• How to complete this task: Look through the data below and output, unchanged, every line from the one holding "刘晓庆则说起上学途中雨中坠崖" through the one holding "Personal de Protección", inclusive. Skip the pictures.

• Exercise materials:
-*-

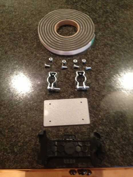 Pasemos al montaje de bicicleta real. Aquí está el producto terminado, sin el iPhone. (Ignore el cortacésped, que la moto se inclina contra).
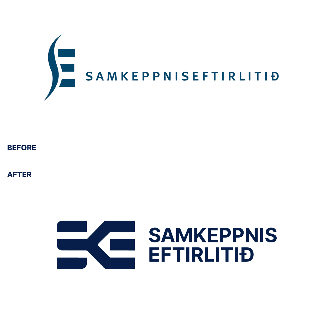 The existing logo was built as a monogram using the letters SE for Samkeppniseftirlitið, but it lacked visual unity. The “S” and “E” were drawn in entirely different styles, making the mark feel more like two separate logos than a single, cohesive identity. Proportions were inconsistent, and the logo performed poorly at smaller sizes, limiting its usability across digital and official applications.
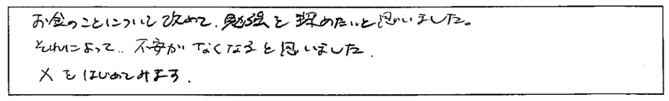 クライアントセミナー(高知)お金のことについて改めて勉強を深めたいと思いました。それによって、不安がなくなると思いました。Xをはじめてみます。
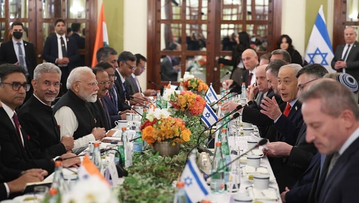 இஸ்ரேலுக்கு அரசுமுறைப் பயணம் மேற்கொண்டுள்ள இந்தியப் பிரதமர் நரேந்திர மோடி மற்றும் இஸ்ரேல் பிரதமர் பெஞ்சமின் நெதன்யாகு ஆகியோருக்கு இடையே நடைபெற்ற உயர்மட்டப் பேச்சுவார்த்தையில், இரு நாடுகளுக்கும் பரஸ்பர பலன் அளிக்கக்கூடிய தடையற்ற வர்த்தக ஒப்பந்தத்தை (Free Trade Agreement) விரைவில் இறுதி செய்யச் சம்மதம் தெரிவிக்கப்பட்டுள்ளது. இந்தப் பயணத்தின் முக்கிய மைல்கல்லாக, இரு நாடுகளுக்கும் இடையிலான உறவு 'சிறப்பு மூலோபாய பங்களிப்பு' (Special Strategic Partnership) என்ற நிலைக்கு உயர்த்தப்பட்டுள்ளதுடன், பாதுகாப்புத் துறையில் தொழில்நுட்பப் பகிர்வு மற்றும் ராணுவ உபகரணங்களின் கூட்டுத் தயாரிப்பு ஆகியவற்றை விரிவுபடுத்தவும் முடிவு செய்யப்பட்டுள்ளது. மேலும், செயற்கை நுண்ணறிவு, குவாண்டம் தொழில்நுட்பம், முக்கிய தாதுக்கள் ஆகிய வளர்ந்து வரும் துறைகளில் ஒத்துழைப்பை மேம்படுத்தவும், 'இந்தியா - மத்திய கிழக்கு ஐரோப்பா பொருளாதார வழித்தடத்தை' (IMEC) அமல்படுத்துவது குறித்தும் இரு தலைவர்களும் விரிவாக ஆலோசித்தனர். காசா அமைதி முயற்சிக்கு ஆதரவு தெரிவித்த பிரதமர் மோடி, மனிதாபிமானம் ஒருபோதும் போரினால் பாதிக்கப்படக்கூடாது என்பதை வலியுறுத்தியதுடன், இந்த உறவு இரு நாட்டு மக்களுக்கும் பெரும் புத்துணர்ச்சியை அளிக்கும் என்றும் தனது சமூக வலைதளப் பக்கத்தில் பதிவிட்டுள்ளார்.
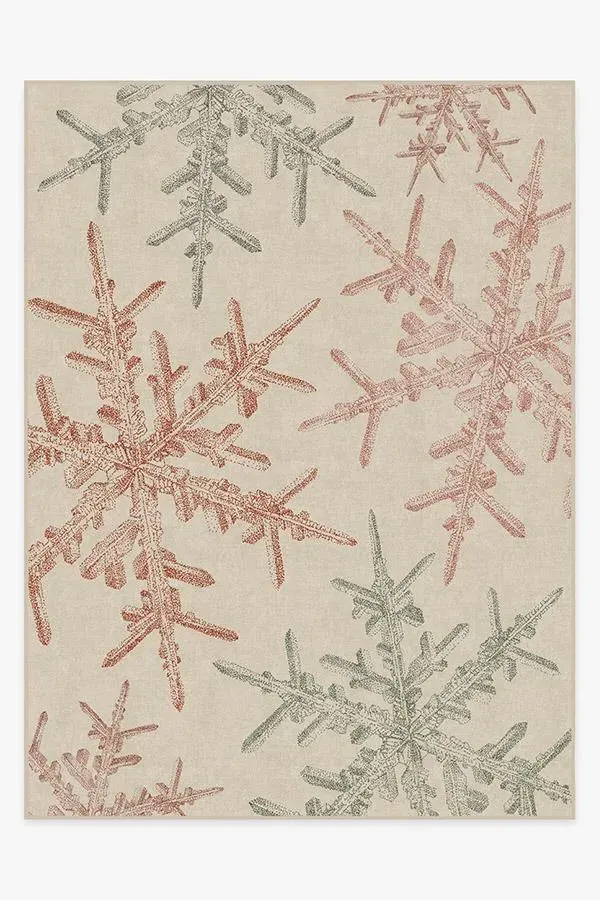 An elevated holiday design. Our classic Snowflake Creme Rug displays delicate snowflakes coloured in sage green and farmhouse red that float lightly against a creamy sky, resulting in a stunning accent piece to celebrate the richness of your seasonal decor. Made from our water-resistant, stain-resistant, and machine-washable low-pile Chenille material. 60x90 | Machine Washable Area Rug | Kid & Pet Friendly | Indoor Rugs | Snowflake Creme Flatwoven Rug | Ruggable
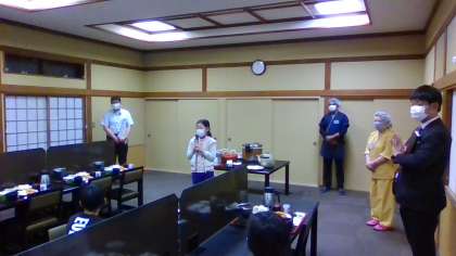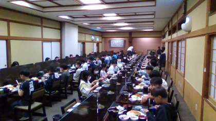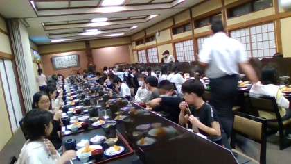 いよいよ夕食の時間になりました。少し早いお昼だったこともあり、お腹が空いている子どもたち!パーテーションで仕切られ、感染予防対策もきちんとなされています。
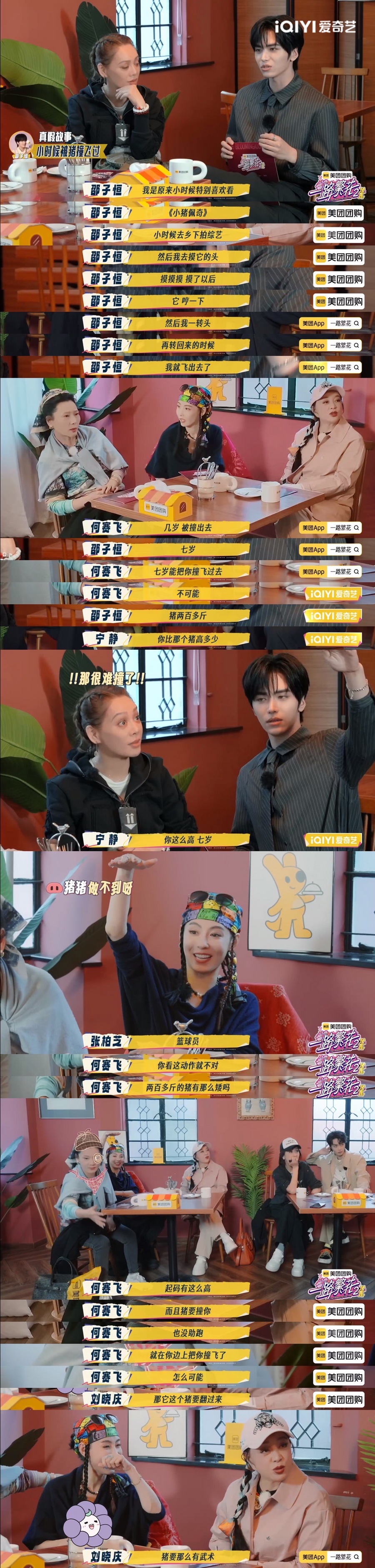 刘晓庆则说起上学途中雨中坠崖、攀石自救的往事;柯淳说自己曾摔下楼梯“坐”空调外机上,结果被姐姐集体审讯:“是坐还是挂?说清楚!”。邵子恒编了个“7岁被200斤猪撞飞”的剧本,结果在身高、物理原理和猪的战斗值问题上彻底翻车!最终被姐姐们识破卧底身份,全票打飞。
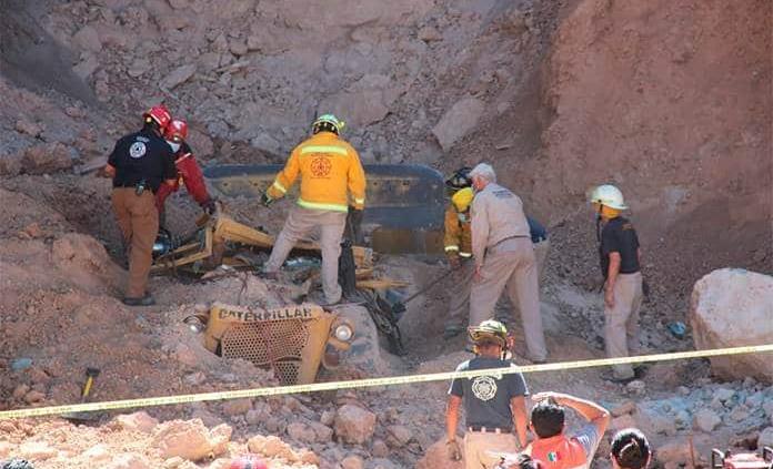 Personal de Protección Civil Estatal y del Cuerpo de Bomberos, se coordinaron para el rescate del cuerpo del infortunado, que fue sepultado por arena cuando la extraía en el Periférico Norte, a la altura del puente de Peñasco.
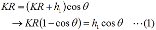 まず、Fig.HI0404_aのように、送受信アンテナ高G1P1、G2P2をそれぞれh1 [m]、h2 [m]とします。等価地球半径KRは8,490 [km]です。こうしてしまえば、電波の経路は直線になりますので、幾何学的に問題を解けばいいことになります。 送信点から電波が地表すれすれを通る、C点までの距離をd1 [m]とし、∠COG1=θ [rad]とします。この図形でd1がいくらになるか、を解いて、受信側も全く同様にd2を求めて両者を足せばいい、という算段で進めます。 △COP1において、各辺の長さについては、
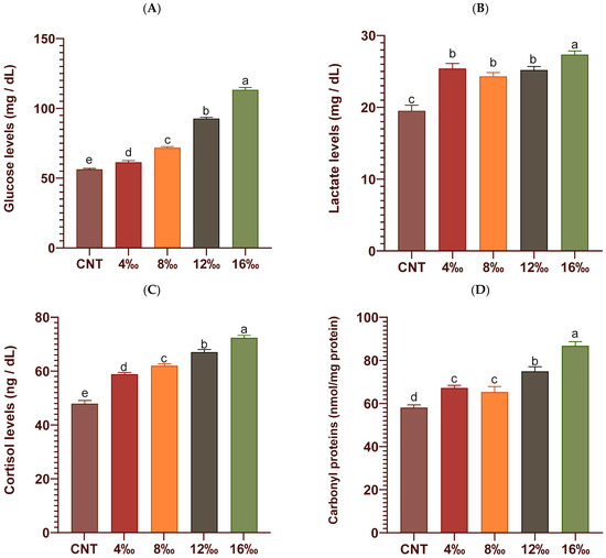 A panel of stress markers: (A) blood glucose (mg/dL), (B) lactate (mg/dL), (C) cortisol (ng/dL), and (D) liver carbonyl protein concentrations (nmol/mg protein) of P. hypophthalmus exposed to different salinity levels for 56 days. Data represent three replicates per group with means ± standard error (S.E.) (n = 6). The CNT (control) group and other experimental groups were compared by one-way ANOVA analysis followed by Duncan’s Multiple Range test. Bars assigned with different letters are significantly different (p < 0.05).

-*-

• Finished exercise:
 刘晓庆则说起上学途中雨中坠崖、攀石自救的往事;柯淳说自己曾摔下楼梯“坐”空调外机上,结果被姐姐集体审讯:“是坐还是挂?说清楚!”。邵子恒编了个“7岁被200斤猪撞飞”的剧本,结果在身高、物理原理和猪的战斗值问题上彻底翻车!最终被姐姐们识破卧底身份,全票打飞。
 Personal de Protección Civil Estatal y del Cuerpo de Bomberos, se coordinaron para el rescate del cuerpo del infortunado, que fue sepultado por arena cuando la extraía en el Periférico Norte, a la altura del puente de Peñasco.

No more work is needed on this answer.